ASSIGNED TASK → Find the line holding "Geomagnetic storm forecast" in the entries below. Give it again exactly, along with every line after it up to and including the line holding "平素より当クリニックにご来院いただき、誠にありがとうございます。".

━━━━

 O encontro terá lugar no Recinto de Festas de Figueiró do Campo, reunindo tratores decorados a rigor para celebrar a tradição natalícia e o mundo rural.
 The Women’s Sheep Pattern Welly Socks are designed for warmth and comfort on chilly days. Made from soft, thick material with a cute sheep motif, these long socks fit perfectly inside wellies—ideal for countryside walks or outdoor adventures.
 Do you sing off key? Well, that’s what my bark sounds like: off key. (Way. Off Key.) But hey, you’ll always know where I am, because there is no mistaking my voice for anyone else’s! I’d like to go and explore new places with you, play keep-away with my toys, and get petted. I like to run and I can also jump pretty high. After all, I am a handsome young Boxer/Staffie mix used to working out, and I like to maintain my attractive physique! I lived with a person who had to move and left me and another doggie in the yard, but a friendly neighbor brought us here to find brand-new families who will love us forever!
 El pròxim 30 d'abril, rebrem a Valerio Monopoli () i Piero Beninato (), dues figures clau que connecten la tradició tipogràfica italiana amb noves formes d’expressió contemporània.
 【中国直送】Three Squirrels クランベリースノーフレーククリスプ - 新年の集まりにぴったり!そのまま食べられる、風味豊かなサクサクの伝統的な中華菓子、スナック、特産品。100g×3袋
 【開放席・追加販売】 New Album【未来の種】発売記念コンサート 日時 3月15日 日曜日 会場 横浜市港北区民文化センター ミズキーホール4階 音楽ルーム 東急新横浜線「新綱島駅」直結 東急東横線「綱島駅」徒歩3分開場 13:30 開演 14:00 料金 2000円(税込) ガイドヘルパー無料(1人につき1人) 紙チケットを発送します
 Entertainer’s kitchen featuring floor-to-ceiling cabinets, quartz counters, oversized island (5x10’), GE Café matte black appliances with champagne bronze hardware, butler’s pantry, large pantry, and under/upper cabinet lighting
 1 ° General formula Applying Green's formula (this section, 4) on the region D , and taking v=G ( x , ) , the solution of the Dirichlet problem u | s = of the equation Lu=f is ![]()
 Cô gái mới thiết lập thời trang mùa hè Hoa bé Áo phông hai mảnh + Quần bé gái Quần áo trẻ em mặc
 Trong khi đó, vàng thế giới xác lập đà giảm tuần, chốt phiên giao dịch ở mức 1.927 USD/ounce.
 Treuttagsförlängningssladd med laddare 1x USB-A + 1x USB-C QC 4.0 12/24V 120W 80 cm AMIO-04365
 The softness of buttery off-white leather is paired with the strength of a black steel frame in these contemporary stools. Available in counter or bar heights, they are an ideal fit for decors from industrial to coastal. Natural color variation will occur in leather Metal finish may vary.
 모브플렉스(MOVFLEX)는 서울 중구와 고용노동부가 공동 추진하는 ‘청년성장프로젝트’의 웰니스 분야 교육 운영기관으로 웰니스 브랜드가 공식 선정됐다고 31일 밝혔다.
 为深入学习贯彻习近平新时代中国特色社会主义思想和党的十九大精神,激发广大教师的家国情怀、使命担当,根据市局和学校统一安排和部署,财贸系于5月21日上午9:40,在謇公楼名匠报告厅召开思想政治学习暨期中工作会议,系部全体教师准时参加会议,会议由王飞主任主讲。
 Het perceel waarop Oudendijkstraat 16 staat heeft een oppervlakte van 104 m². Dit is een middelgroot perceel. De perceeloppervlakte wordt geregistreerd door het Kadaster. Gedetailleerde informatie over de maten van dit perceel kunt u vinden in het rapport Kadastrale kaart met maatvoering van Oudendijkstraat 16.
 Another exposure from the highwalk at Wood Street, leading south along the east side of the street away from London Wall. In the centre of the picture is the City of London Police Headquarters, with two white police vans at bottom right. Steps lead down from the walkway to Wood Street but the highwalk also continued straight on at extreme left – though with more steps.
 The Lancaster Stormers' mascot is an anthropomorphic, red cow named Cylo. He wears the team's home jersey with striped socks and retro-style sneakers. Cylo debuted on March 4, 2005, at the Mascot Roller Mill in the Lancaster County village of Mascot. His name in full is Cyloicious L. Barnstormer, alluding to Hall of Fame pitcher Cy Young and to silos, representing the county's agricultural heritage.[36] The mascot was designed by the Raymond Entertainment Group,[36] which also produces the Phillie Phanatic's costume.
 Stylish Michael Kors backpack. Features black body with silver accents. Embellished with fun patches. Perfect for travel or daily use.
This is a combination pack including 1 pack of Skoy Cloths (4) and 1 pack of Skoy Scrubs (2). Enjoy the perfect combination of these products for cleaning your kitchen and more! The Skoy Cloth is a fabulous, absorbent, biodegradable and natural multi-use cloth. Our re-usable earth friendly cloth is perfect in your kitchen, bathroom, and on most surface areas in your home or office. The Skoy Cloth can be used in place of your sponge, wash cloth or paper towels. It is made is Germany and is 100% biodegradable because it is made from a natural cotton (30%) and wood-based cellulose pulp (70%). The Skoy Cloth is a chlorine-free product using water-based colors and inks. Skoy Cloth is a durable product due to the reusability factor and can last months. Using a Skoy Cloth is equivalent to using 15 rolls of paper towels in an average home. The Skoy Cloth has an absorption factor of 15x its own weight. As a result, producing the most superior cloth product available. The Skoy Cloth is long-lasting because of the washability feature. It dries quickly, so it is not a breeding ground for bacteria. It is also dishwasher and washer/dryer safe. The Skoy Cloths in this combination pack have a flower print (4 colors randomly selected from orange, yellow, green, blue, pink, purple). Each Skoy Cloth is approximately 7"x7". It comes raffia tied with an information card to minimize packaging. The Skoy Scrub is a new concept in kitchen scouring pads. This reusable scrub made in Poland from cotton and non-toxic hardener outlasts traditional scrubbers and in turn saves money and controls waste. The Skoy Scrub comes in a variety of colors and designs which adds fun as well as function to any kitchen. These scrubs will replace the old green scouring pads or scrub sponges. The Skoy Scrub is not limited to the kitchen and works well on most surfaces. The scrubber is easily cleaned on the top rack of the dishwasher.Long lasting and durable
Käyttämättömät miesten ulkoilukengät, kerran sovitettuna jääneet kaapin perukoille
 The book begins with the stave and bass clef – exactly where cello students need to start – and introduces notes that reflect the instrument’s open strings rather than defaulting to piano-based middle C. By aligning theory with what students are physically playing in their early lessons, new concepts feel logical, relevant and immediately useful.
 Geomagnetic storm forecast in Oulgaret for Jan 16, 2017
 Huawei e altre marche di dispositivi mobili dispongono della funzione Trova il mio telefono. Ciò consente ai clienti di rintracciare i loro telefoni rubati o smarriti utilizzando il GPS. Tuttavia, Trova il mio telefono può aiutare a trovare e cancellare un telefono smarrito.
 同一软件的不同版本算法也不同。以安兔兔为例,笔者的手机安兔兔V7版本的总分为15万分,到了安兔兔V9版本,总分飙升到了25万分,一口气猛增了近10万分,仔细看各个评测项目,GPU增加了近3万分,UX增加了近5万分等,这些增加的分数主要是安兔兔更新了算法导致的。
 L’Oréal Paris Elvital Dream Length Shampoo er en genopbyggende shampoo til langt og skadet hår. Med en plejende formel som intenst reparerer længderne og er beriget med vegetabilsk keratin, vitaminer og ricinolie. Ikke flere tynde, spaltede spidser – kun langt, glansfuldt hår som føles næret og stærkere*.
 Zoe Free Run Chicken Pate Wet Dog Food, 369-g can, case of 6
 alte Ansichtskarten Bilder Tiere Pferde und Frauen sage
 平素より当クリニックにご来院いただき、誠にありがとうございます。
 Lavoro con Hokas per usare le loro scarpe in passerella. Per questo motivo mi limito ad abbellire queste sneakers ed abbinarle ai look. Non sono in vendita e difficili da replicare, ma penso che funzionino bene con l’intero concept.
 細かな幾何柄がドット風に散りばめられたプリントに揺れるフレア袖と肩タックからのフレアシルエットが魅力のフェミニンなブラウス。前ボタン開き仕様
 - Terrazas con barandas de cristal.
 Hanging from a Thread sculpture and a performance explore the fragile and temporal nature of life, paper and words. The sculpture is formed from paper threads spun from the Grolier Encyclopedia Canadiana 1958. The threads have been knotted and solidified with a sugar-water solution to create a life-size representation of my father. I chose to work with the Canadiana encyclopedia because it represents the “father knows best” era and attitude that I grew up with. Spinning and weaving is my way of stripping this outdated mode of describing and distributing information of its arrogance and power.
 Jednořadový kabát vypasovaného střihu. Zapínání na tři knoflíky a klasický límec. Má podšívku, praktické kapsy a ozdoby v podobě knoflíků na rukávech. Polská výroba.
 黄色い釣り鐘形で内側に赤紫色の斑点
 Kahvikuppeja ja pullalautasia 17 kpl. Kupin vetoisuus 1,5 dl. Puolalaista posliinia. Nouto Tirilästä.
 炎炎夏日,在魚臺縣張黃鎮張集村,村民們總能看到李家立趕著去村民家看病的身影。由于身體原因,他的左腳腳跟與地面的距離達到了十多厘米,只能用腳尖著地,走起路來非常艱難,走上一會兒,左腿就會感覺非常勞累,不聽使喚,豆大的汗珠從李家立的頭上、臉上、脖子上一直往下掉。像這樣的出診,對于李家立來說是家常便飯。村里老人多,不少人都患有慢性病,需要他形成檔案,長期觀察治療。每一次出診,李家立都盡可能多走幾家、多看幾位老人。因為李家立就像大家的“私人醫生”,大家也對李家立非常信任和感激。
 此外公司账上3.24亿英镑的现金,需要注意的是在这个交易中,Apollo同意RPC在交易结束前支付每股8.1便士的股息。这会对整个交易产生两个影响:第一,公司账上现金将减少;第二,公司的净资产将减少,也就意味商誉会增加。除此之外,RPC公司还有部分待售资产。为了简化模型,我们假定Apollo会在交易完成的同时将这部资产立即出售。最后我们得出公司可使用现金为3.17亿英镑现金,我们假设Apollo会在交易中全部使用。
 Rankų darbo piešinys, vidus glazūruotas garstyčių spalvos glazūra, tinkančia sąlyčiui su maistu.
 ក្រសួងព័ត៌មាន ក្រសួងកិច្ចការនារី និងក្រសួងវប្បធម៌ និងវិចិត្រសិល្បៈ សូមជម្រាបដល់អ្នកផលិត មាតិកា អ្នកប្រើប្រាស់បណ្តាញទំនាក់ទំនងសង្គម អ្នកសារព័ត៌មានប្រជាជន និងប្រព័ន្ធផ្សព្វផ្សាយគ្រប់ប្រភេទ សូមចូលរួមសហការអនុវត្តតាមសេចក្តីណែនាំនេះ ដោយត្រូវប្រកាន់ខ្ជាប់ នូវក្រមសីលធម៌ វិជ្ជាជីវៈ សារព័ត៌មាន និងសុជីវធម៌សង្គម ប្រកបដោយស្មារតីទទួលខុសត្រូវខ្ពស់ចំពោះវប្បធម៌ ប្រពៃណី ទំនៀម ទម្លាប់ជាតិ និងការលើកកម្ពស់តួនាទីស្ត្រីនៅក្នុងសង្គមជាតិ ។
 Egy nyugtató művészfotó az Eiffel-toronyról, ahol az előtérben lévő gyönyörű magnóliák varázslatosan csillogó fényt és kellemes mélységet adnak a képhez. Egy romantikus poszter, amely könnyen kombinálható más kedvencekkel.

━━━━

TASK OUTPUT →
 Geomagnetic storm forecast in Oulgaret for Jan 16, 2017
 Huawei e altre marche di dispositivi mobili dispongono della funzione Trova il mio telefono. Ciò consente ai clienti di rintracciare i loro telefoni rubati o smarriti utilizzando il GPS. Tuttavia, Trova il mio telefono può aiutare a trovare e cancellare un telefono smarrito.
 同一软件的不同版本算法也不同。以安兔兔为例,笔者的手机安兔兔V7版本的总分为15万分,到了安兔兔V9版本,总分飙升到了25万分,一口气猛增了近10万分,仔细看各个评测项目,GPU增加了近3万分,UX增加了近5万分等,这些增加的分数主要是安兔兔更新了算法导致的。
 L’Oréal Paris Elvital Dream Length Shampoo er en genopbyggende shampoo til langt og skadet hår. Med en plejende formel som intenst reparerer længderne og er beriget med vegetabilsk keratin, vitaminer og ricinolie. Ikke flere tynde, spaltede spidser – kun langt, glansfuldt hår som føles næret og stærkere*.
 Zoe Free Run Chicken Pate Wet Dog Food, 369-g can, case of 6
 alte Ansichtskarten Bilder Tiere Pferde und Frauen sage
 平素より当クリニックにご来院いただき、誠にありがとうございます。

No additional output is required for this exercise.